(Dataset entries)
---*---
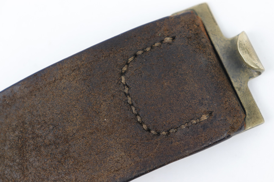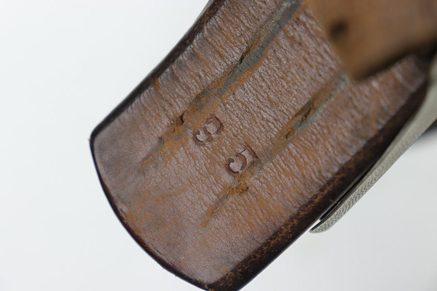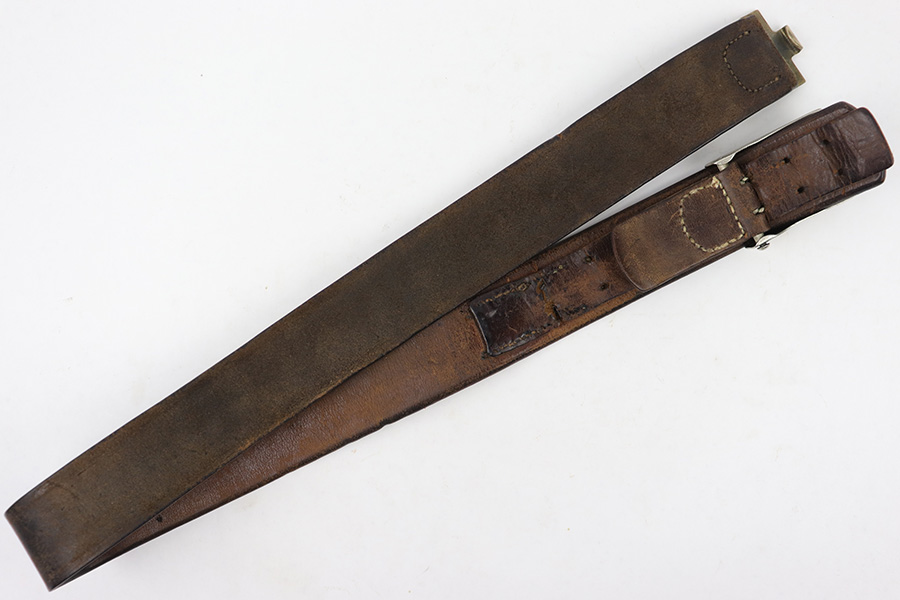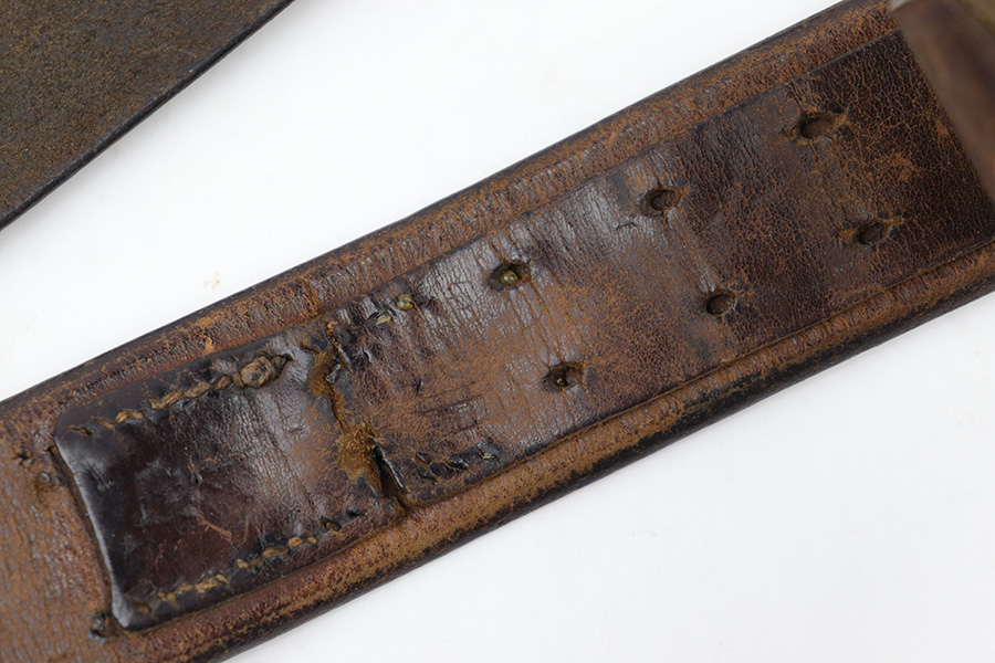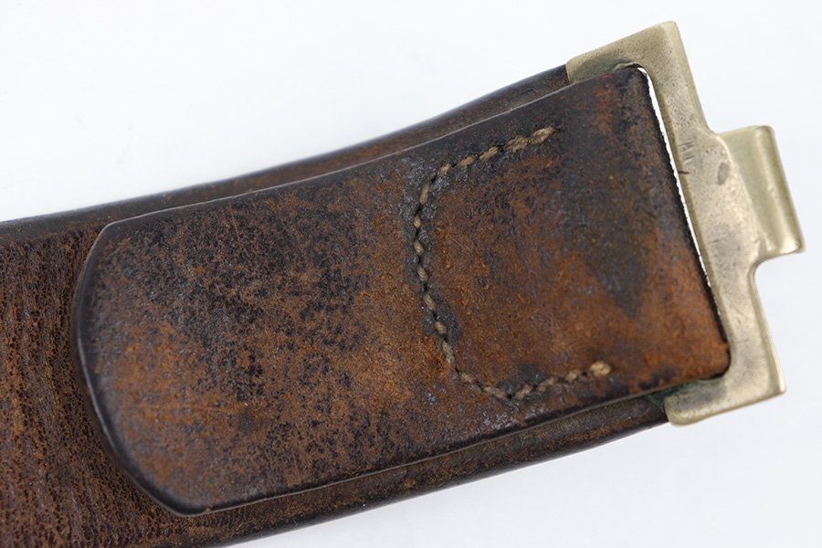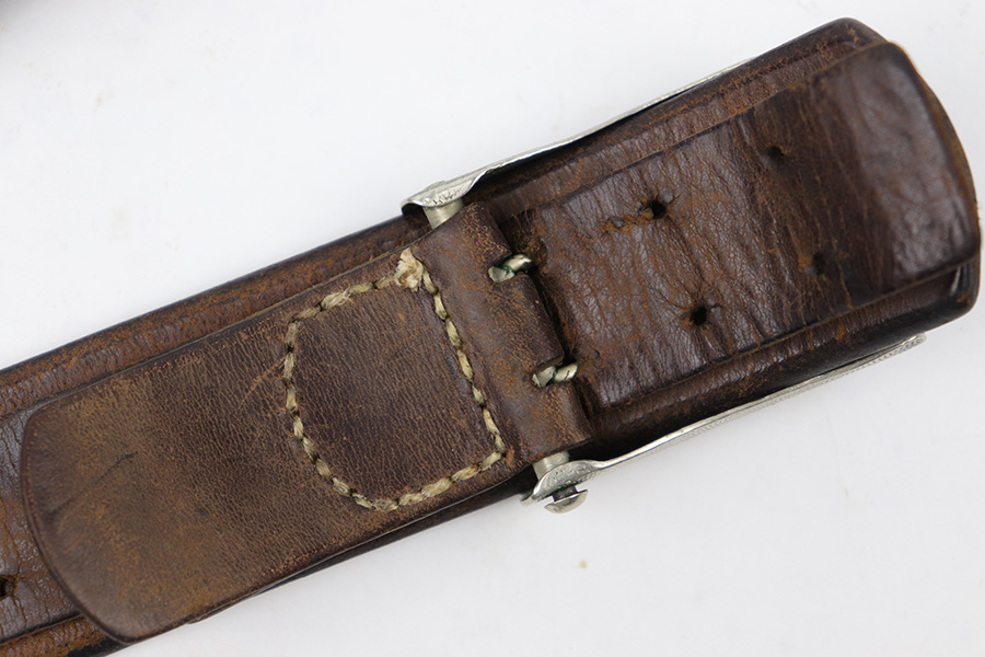 4/19/23 – This is an original, late Weimar era / pre WW2 German belt & buckle. The aluminum buckle is in great condition with typical surface patina but some of the original finish still visible within the grooves of the buckle exterior. Unmarked interior. The leather buckle tab has a faint maker stamp with a visible 1934 date. The leather belt has a maker stamp at the hooked attachment end where only a 1935 date is visible. The leather shows honest surface wear and aging throughout, but no major issues. The size adjustment strap on the belt has some cracking and stitching loss, but is still attached. Great overall condition.
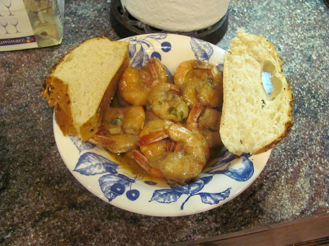 I decided to make a special treat for my daughter's birthday. She loves shrimp cooked with a little garlic but I decided to kick the recipe up a few notches. New Orleans style "barbecue" shrimp has nothing to do with an outdoor grill (although you nothing is stopping you from putting your pan on the grill). For this recipe, you want shrimp with the shells and even heads still on. There is something the shells do to the sauce. It seems to make the butter sauce emulsify and creates a great flavor. I snipped some rosemary from my garden and added some Worcestershire sauce and hot sauce. This sauce is also delicious for cooking any white fish like catfish or tilapia and it is also good with chicken.
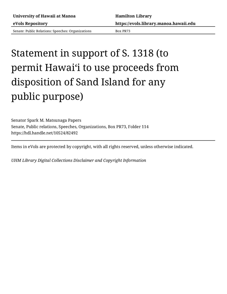- Statement in support of S. 1318 (to permit Hawaiʻi to use proceeds from disposition of Sand Island for any public purpose)
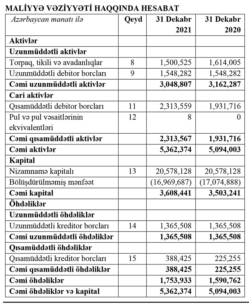 “Bakelektroqaynaq” ASC 2021-ci ili 105 min 200 manat xalis zərər ilə başa vurub. ASC 2020-ci ili 32 min 714 manat xalis zərər ilə bağlamışdı.
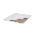 Madrassen til kravlegården med betræk i størrelse 80x86 cm fra Hoppekids. Madrassen har et toplag af hørfilt, hvilket giver øget komfort og isolerer mod kulde.
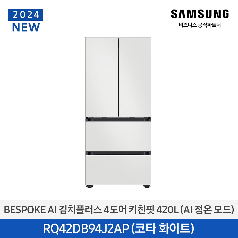 [태양_삼성] 비스포크 AI 김치플러스 4도어 키친핏 김치냉장고 420L / 코타화이트 RQ42DB94J2AP01- 납부액(월)
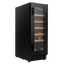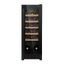 Стеклянная дверь — дополнительный изящный штрих к общему дизайну модели. Специальное покрытие защищает вино от влияния ультрафиолетовых лучей, которые проникают, если шкаф находится в солнечной комнате. Цвет корпуса — черный.
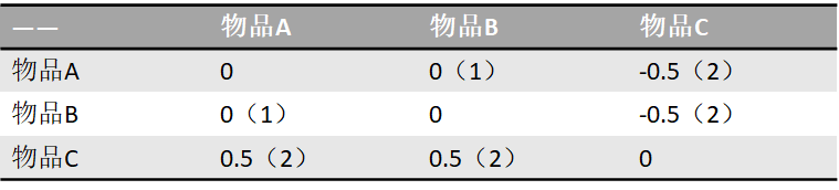 这个矩阵反映了这些事实:用户1给物品A、C评分,分别是5、2;用户2给物品B、C评分,分别是4、3;用户3给物品A、B、C评分,分别是3、3、5。现在,先来两两计算物品之间的平均距离,如下表所示。
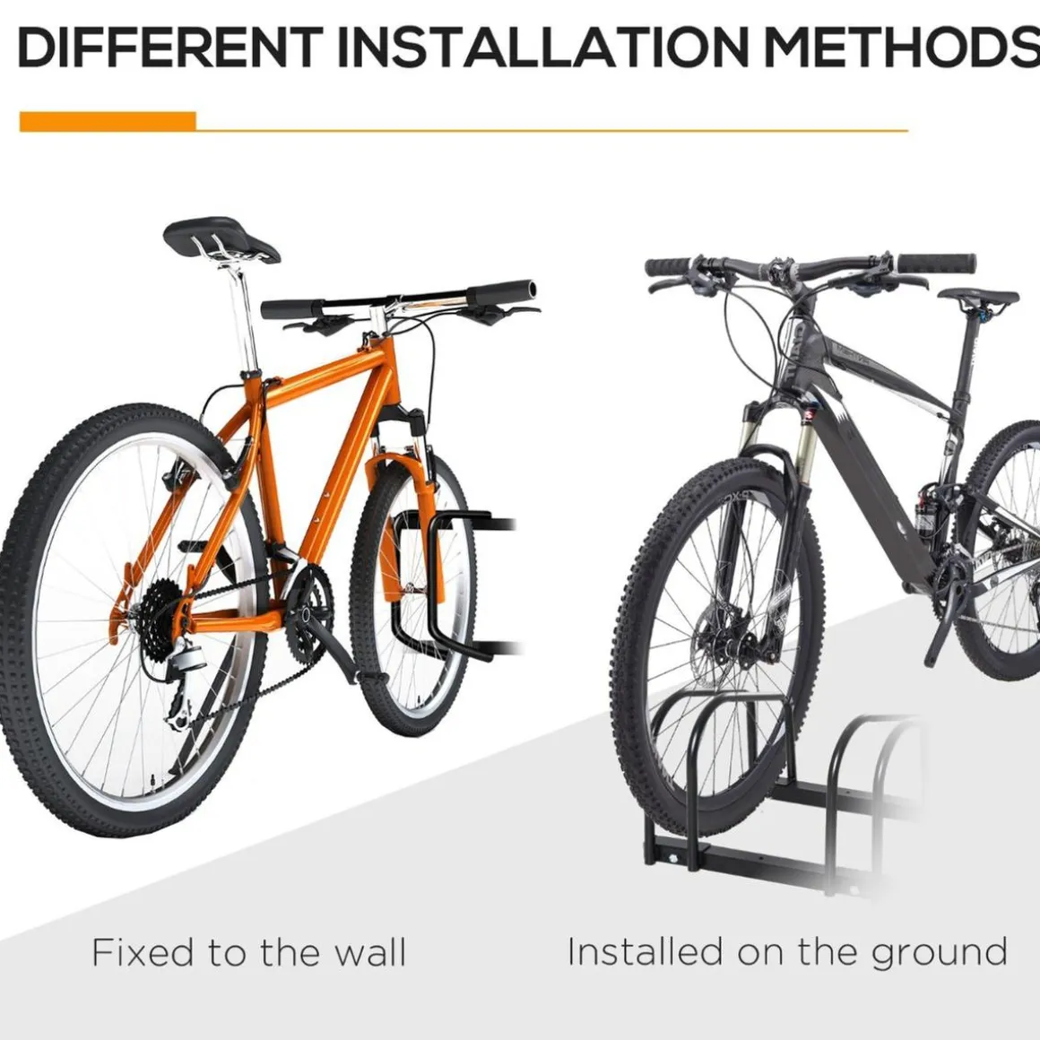 Si no tienes espacio suficiente en casa o no sabes como estacionar tus bicicletas de manera ordenada, los aparcamientos para bicis de Homcom son la solución. Se pueden instalar en suelos tanto de interior como exterior y vienen con los tornillos incluidos para su montaje. Fabricados con una estructura de acero desmontable, puedes utilizar los soportes de forma individual o montarlos según necesidad. A partir de ahora tus bicicletas siempre estarán bien aparcadas y seguras.
---*---
Activity: Retype every entry exactly as written. Leave the pictures out.

Task response:
 4/19/23 – This is an original, late Weimar era / pre WW2 German belt & buckle. The aluminum buckle is in great condition with typical surface patina but some of the original finish still visible within the grooves of the buckle exterior. Unmarked interior. The leather buckle tab has a faint maker stamp with a visible 1934 date. The leather belt has a maker stamp at the hooked attachment end where only a 1935 date is visible. The leather shows honest surface wear and aging throughout, but no major issues. The size adjustment strap on the belt has some cracking and stitching loss, but is still attached. Great overall condition.
 I decided to make a special treat for my daughter's birthday. She loves shrimp cooked with a little garlic but I decided to kick the recipe up a few notches. New Orleans style "barbecue" shrimp has nothing to do with an outdoor grill (although you nothing is stopping you from putting your pan on the grill). For this recipe, you want shrimp with the shells and even heads still on. There is something the shells do to the sauce. It seems to make the butter sauce emulsify and creates a great flavor. I snipped some rosemary from my garden and added some Worcestershire sauce and hot sauce. This sauce is also delicious for cooking any white fish like catfish or tilapia and it is also good with chicken.
- Statement in support of S. 1318 (to permit Hawaiʻi to use proceeds from disposition of Sand Island for any public purpose)
 “Bakelektroqaynaq” ASC 2021-ci ili 105 min 200 manat xalis zərər ilə başa vurub. ASC 2020-ci ili 32 min 714 manat xalis zərər ilə bağlamışdı.
 Madrassen til kravlegården med betræk i størrelse 80x86 cm fra Hoppekids. Madrassen har et toplag af hørfilt, hvilket giver øget komfort og isolerer mod kulde.
 [태양_삼성] 비스포크 AI 김치플러스 4도어 키친핏 김치냉장고 420L / 코타화이트 RQ42DB94J2AP01- 납부액(월)
 Стеклянная дверь — дополнительный изящный штрих к общему дизайну модели. Специальное покрытие защищает вино от влияния ультрафиолетовых лучей, которые проникают, если шкаф находится в солнечной комнате. Цвет корпуса — черный.
 这个矩阵反映了这些事实:用户1给物品A、C评分,分别是5、2;用户2给物品B、C评分,分别是4、3;用户3给物品A、B、C评分,分别是3、3、5。现在,先来两两计算物品之间的平均距离,如下表所示。
 Si no tienes espacio suficiente en casa o no sabes como estacionar tus bicicletas de manera ordenada, los aparcamientos para bicis de Homcom son la solución. Se pueden instalar en suelos tanto de interior como exterior y vienen con los tornillos incluidos para su montaje. Fabricados con una estructura de acero desmontable, puedes utilizar los soportes de forma individual o montarlos según necesidad. A partir de ahora tus bicicletas siempre estarán bien aparcadas y seguras.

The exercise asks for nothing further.